If all goes well, the quantum superposition (3) of geometries will reproduce a
classical spacetime in the classical limit. But at small scales, the geometry
should show highly nonclassical behavior dominated by quantum fluctuations.
It turns out that the quantum geometry generated by Euclidean DT can be in
either one of two phases. Either the geometry is completely crumpled or it is
totally polymerized, that is, degenerated into thin branching threads. These
structures persist also at large scales, and as a result the DT path integral
appears to have no meaningful classical limit, and therefore is useless for a
theory of quantum gravity.
Causal DT gives 4D
The starting point of CDT was the hypothesis that this failure may have to do
with the unphysical Euclidean nature of the construction, and that one may be
able to do better by encoding the causal structure of Lorentzian spacetimes
explicitly in the choice of simplexes and gluing rules. We first tested the
viability of the CDT causal quantization program in lower dimensions.
Superpositions like (3) were defined by considering spacetimes glued from 2D or
3D building blocks. This gave toy models that shared some but not all properties
of the full CDT path integral. We studied these and showed that the causal,
Lorentzian path integral in all cases gave different results from the
corresponding Euclidean path integral.
We now describe the first encouraging result for CDT. Previous quantization
attempts had failed to generate a spacetime that can be said to be 4D on
sufficiently large scales.
It may come as a surprise that a superposition of locally 4D geometries can give
anything that is not again 4D. After all, we obtained our geometric building
blocks by cutting out small pieces from a 4D flat space. However, Euclidean
dynamically triangulated models show that the dimension can comes out as other
than 4, and indeed this seems to happen generically. The crumpled and polymeric
phases of the Euclidean model mentioned above have Hausdorff dimensions of
infinity and 2 respectively.
Roughly speaking, the Hausdorff dimension is obtained by comparing the typical
linear size r of a convex subspace of a given space (such as its diameter) with
its volume V(r). If the leading behavior is that V(r) scales with the d-th power
of r, the space is said to have the Hausdorff dimension d.

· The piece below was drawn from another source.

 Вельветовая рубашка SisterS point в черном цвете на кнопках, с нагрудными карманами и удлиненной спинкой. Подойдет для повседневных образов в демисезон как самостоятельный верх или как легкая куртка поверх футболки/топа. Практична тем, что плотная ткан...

To obtain an effectively infinite-dimensional space by gluing N simplexes with
edge length a, one can define a sequence of triangulations whose volume goes to
infinity as N approaches infinity by choosing a gluing for each fixed N such
that every simplex shares a given vertex. Thus, no matter how large N gets, all
the simplexes of the triangulated space crowd around a single point. This is
compatible with the gluing rules, but gives rise to a space whose dimensionality
diverges because its linear size always stays at the cutoff length a.

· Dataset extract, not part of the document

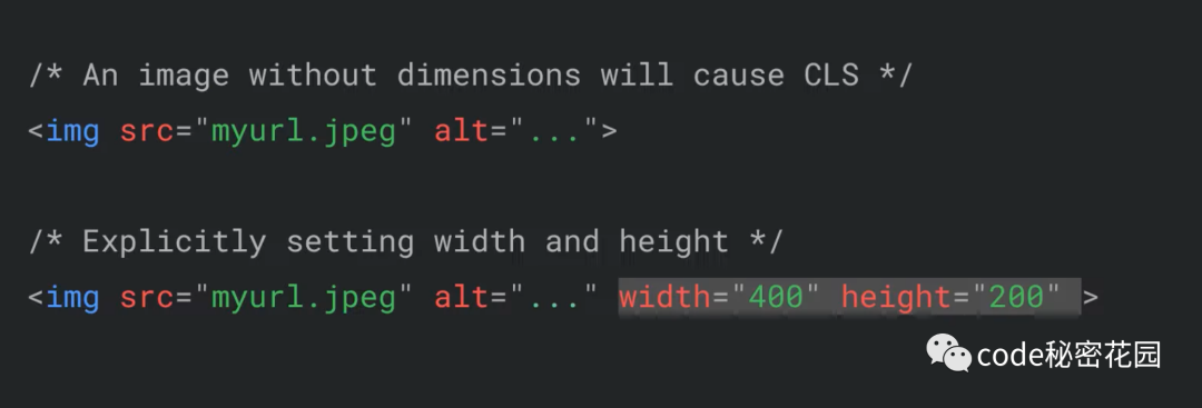第一个 CLS 优化建议是确保内容能被显式地缩放,当它第一次被浏览器渲染时,它就可以以正确的尺寸渲染。一般情况下,我们都会热衷于推荐大家设定图像的宽度和高度的尺寸或
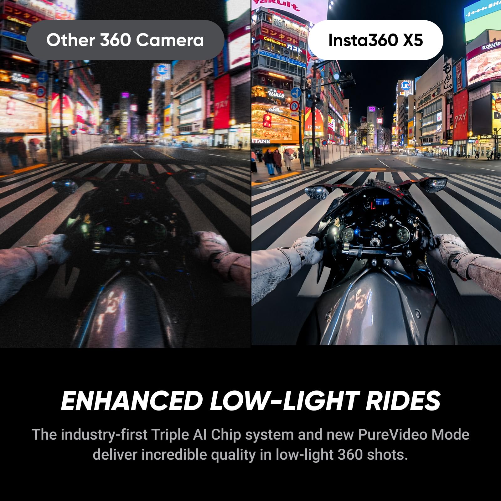Triple AI Chip Design, Better Low Light: Shoot confidently even in challenging lighting. X5’s triple AI chip design powers advanced noise reduction and image processing, delivering crisp, vibrant footage even in dim or night conditions.

Conversely, one can get an effectively 1D space by gluing the 4D building blocks
into a long thin tube. So as N approaches infinity and a approaches zero, three
directions stay at the cutoff length a, and the geometry only grows along the
fourth direction.
Such spaces with exotic dimensionality are obtained as limiting cases of regular
simplicial manifolds. Whether the gravitational path integral is dominated by
geometries of this nature in the continuum limit is a dynamical question that
cannot be decided a priori.
The answer depends on the relative weight of energy and entropy. This results
from the Boltzmann weight of a given geometry (which in turn is a function of
the values of the coupling constants) and the number of geometries with any
given Boltzmann weight. An exotic geometry may have a very large Boltzmann
weight and be energetically favored, but there may be few such objects in the
ensemble relative to the more normal geometries, such that their contribution
vanishes in the limit.
As we have seen, in Euclidean DT models for quantum gravity, the state sums are
dominated by exotic geometries that are either maximally crumpled or like
branched polymers, depending on the coupling constants.

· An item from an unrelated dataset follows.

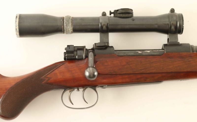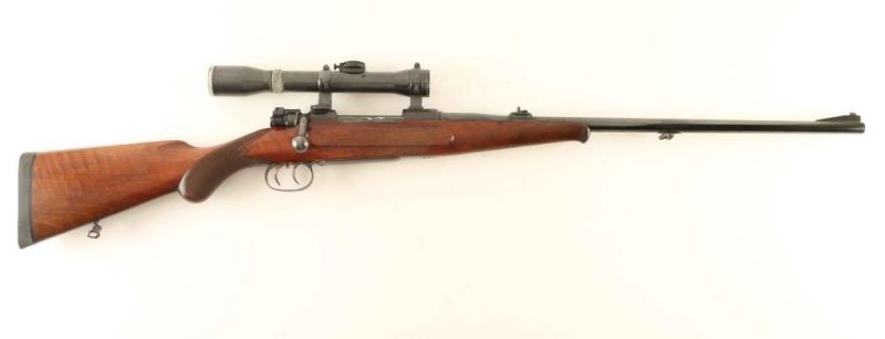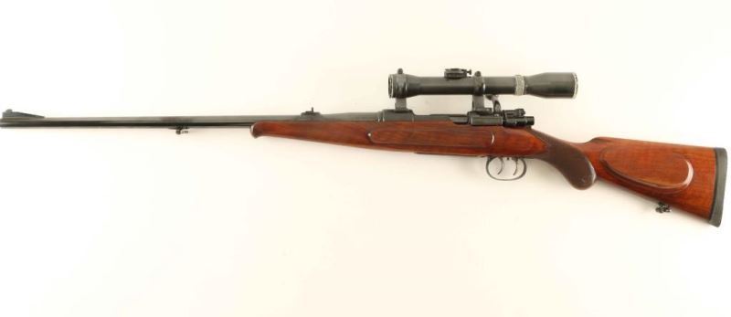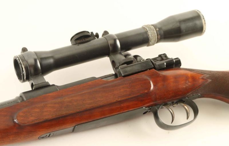 SN:1654. Sporterized Mdl 98 Mauser with a 22" barrel. Double set triggers, custom walnut stock, 1" sling swivels, custom scope mount with German 'OIGEE' scope-4 power with German post. Optics are clear, bore is bright with strong rifling. NRA Very Good ***Modern Firearm**

Dimensionality becomes a dynamical quantity because the nonperturbative
gravitational path integral contains highly nonclassical geometries that are
curved at the cutoff scale a. Geometries with such unruly short-scale behavior
can dominate the path integral as a approaches zero.
The short-scale picture of geometry that arises in CDT is completely
non-classical. A piece of classical spacetime, no matter how curved it is, will
always start looking like a piece of flat spacetime when the observed scale
becomes much smaller than the characteristic scale of the curvature. By
contrast, a typical quantum spacetime generated by our nonperturbative path
integral construction will never begin to look flat, no matter how fine the
resolution. However, we still do not know which microstructures can be generated
by various prescriptions for setting up the gravitational path integral.
We wish to recover classical geometry at sufficiently large scales. First, the
quantum geometry must be 4D at large distances. A path integral that does not
pass this test does not qualify as a theory of quantum gravity. We want a path
integral that allows large short-scale fluctuations in curvature but still
allows a reasonable classical limit.
The CDT approach is an example of such a geometry. In this approach, we impose
certain causal rules on the simplexes. The rules make explicit reference to the
Lorentzian structure of the individual geometries contributing to the path
integral. The new physical insight here is that causality at sub-Planckian
scales may be responsible for the 4D nature of our universe.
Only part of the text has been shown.